Case Presentation: A 63-year-old man with polycystic kidney disease and bilateral renal masses was seen in our dedicated Pre-Operative clinic before a bilateral nephrectomy for renal cell carcinoma. In preparation for this surgery his nephrologist had placed a referral for community hemodialysis. However, regional wait times for community dialysis chairs averaged 2-3 months necessitating prolonged hospital admissions. The Pre-Operative clinic physician, who also held roles in hospitalist medicine and hospital capacity management, conferred with the referring surgeon who provided the patient with detailed Pre-Operative counseling and risk-benefit discussion around this issue. They determined the surgery should proceed as planned. The Pre-Operative clinic physician referred this patient to our Hospital-at-Home (HaH) program prior to hospitalization, which had a pathway for patients needing dialysis to do so at the “brick and mortar” inpatient dialysis unit while waiting for a community dialysis chair. He transferred to this program on post-operative day #4 where he continued inpatient hemodialysis and was able to continue virtually working from home. He was ultimately discharged from Hospital-at-Home after 41 days once a community dialysis chair was secured.

Discussion: Perioperative medicine is far more than the act of “clearance” before surgery and at its best, presents high value and cost savings opportunities by reducing complications and other strains on the health care system.
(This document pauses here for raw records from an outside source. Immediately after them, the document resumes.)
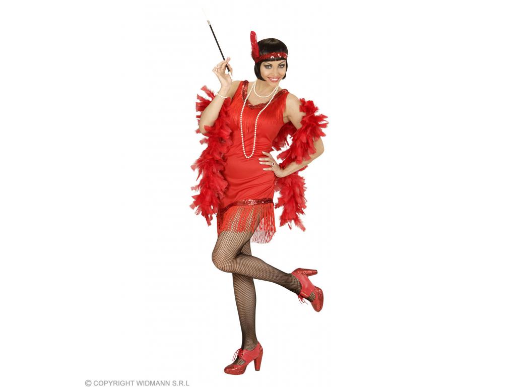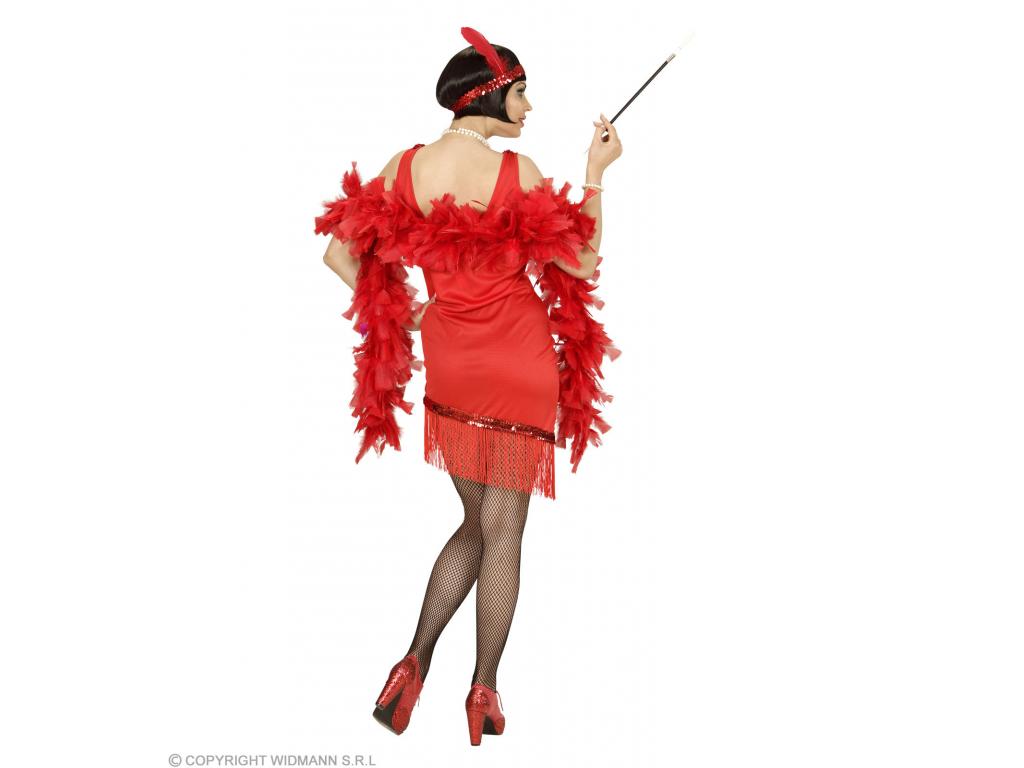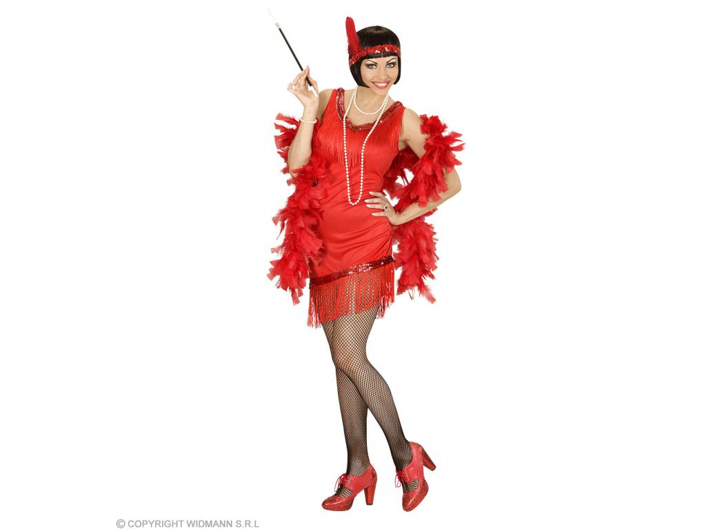Felnőtt, női jelmez szett, részei: piros színű ujjatlan miniruha piros színű rojtos szegéllyel, valamint egy piros fejpánt, tolldísszel. A képen látható egyéb kiegészítők, mint cipő, harisnya, boa, vagy paróka nem részei a terméknek. Idézd fel az 1920-as évek legendás Charleston-korszakát, és a chicago-i mulatók hangulatát - ezzel a szexi ruhával bármelyik tematikus jelmezes bulin vagy karneválon sikeres leszel. További kiegészítőket, pl. harisnya, vagy Charleston-paróka, keresd áruházunkban!
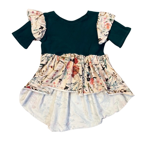 Charming dress with floral ruffle sleeves. Features a green top and floral skirt.
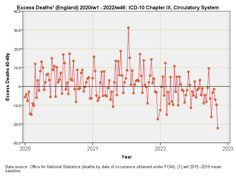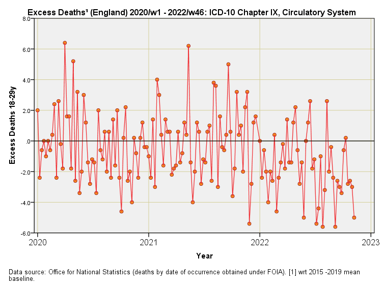 This time our eyeballs are support by the stats! The overall mean excess for 2020 – 2021 was -0.15 excess deaths per week compared to -1.76 deaths per week for 2022(p<0.001; ANOVA). Take a sheet of paper and hide the points for 2022, then hide the points for 2020 – 2021 and the difference is made obvious. This is an important finding for it means analysts should not be viewing this data as a homogeneous time series. If they do they’ll come to the fallacious conclusion that circulatory deaths for 18 – 29y are decreasing over time. Keep your beady eyes on how ONS and other ‘institutionalised experts’ handle this issue!
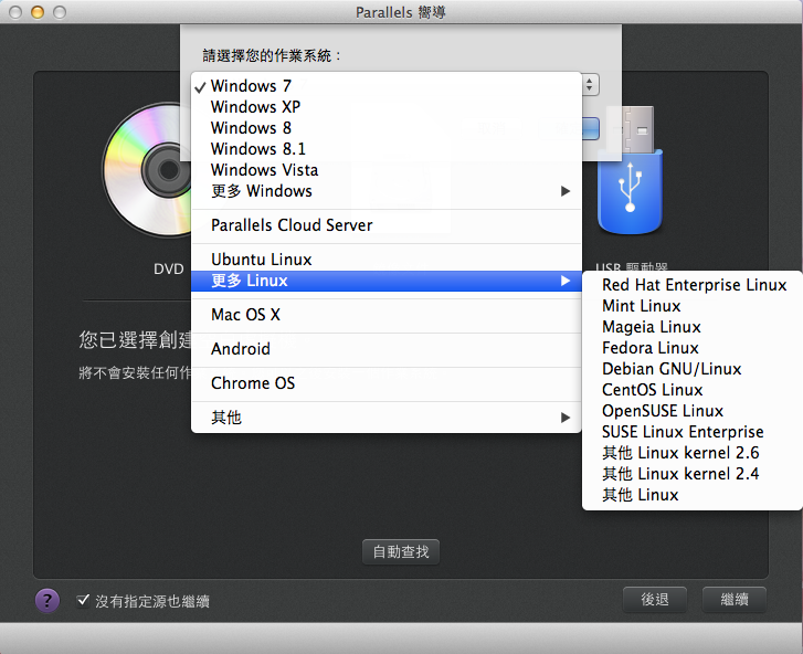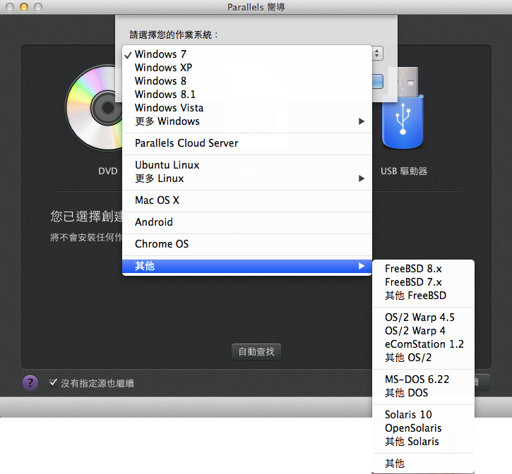 需要在同一台機器上安裝不同系統的開發者,或者想玩玩不同系統的一般使用者,利用Parallels的虛擬機可以輕鬆安裝不同的系統,而且步驟相當簡單,你想得到想不到的系統幾乎都可以裝,但你必須要備有原本安裝的光碟、映像檔、隨身碟等才能夠安裝喔

High quality perioperative care integrates multidisciplinary skill sets, decreases post-operative length of stay, improves patient experience, and improves efficiency in delivery of care. Additionally, perioperative evaluations should ideally identify and mitigate potential discharge barriers, particularly given widespread hospital bed shortages which have been exacerbated by the COVID-19 pandemic, workforce shortages, and reduced post-acute placement options. HaH programs, which have expanded to include perioperative care, are well aligned with perioperative goals by alleviating hospital capacity strain, reducing cost, reducing readmissions, maintaining quality/safety, and improving patient experience for acutely ill adults requiring hospital care.

Conclusions: Perioperative is a systems-based practice, and when done best identifies opportunities to decrease LOS by preventing medical complications, but also by proactively identifying system level discharge barriers.  This case also demonstrates the value of perioperative medicine experts having active roles in hospital and systems-based practice leadership positions as perioperative medicine can be a focal point to integrate patients care across many facets of a health system.